18/07/2010, 07:56:14 AM

Have you seen this man?

Where’s Gordon?

Some ex-prime ministers take years to get over being ejected; some never come to terms with the withdrawal of power. I don’t blame him for holing up in Kirkaldy and trying to bury his anguish by sitting at his keyboard thumping out a tome on the financial crisis. But I do criticise his colleagues for continuing to flinch from confronting the truth about him. – Rawnsley on Brown, The Guardian.

Since Labour left office their ­successors have finally been able to go through the books. And they make for uncomfortable reading.

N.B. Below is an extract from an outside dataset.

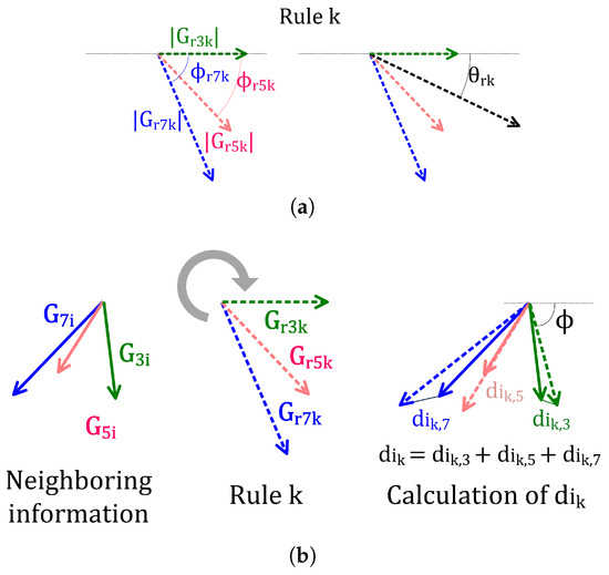 Notice that the encoding of the transition rules is a direct representation of three vector gradients. To make things clear, here subindex r is used to prevent confusions between rule parameters and the values of the gradient vectors that were extracted from the neighborhood information of a cell. Now, if we select a representation where these three vector gradients are independent of angle rotations and reflections, only five parameters are required to represent the three vector set. One of the angles, in this case, , will always be taken as equal to 0. Figure 2a (left) shows a geometrical representation of the condition parameters of a rule.

Of course it is difficult to fathom the labyrinthine bureaucracy that under-pins the NHS. But it would be hard to imagine any private business accepting without question a supplier increasing the price of a product by almost 1,000 per cent over two years. –Daily Mail.

Leadership news

The widow of John Smith, the former Labour leader who died of a heart attack in 1994, has thrown her backing behind Ed Miliband in the party’s leadership battle. Baroness Elizabeth Smith said she was sure that her husband would have done the same thing if he had been alive. “I am backing Ed Miliband because I identify with Ed’s values and principles, and I know that John would have done so too. Ed is also the candidate who I know has the ability to unify the party going forward,” she said. – The Guardian.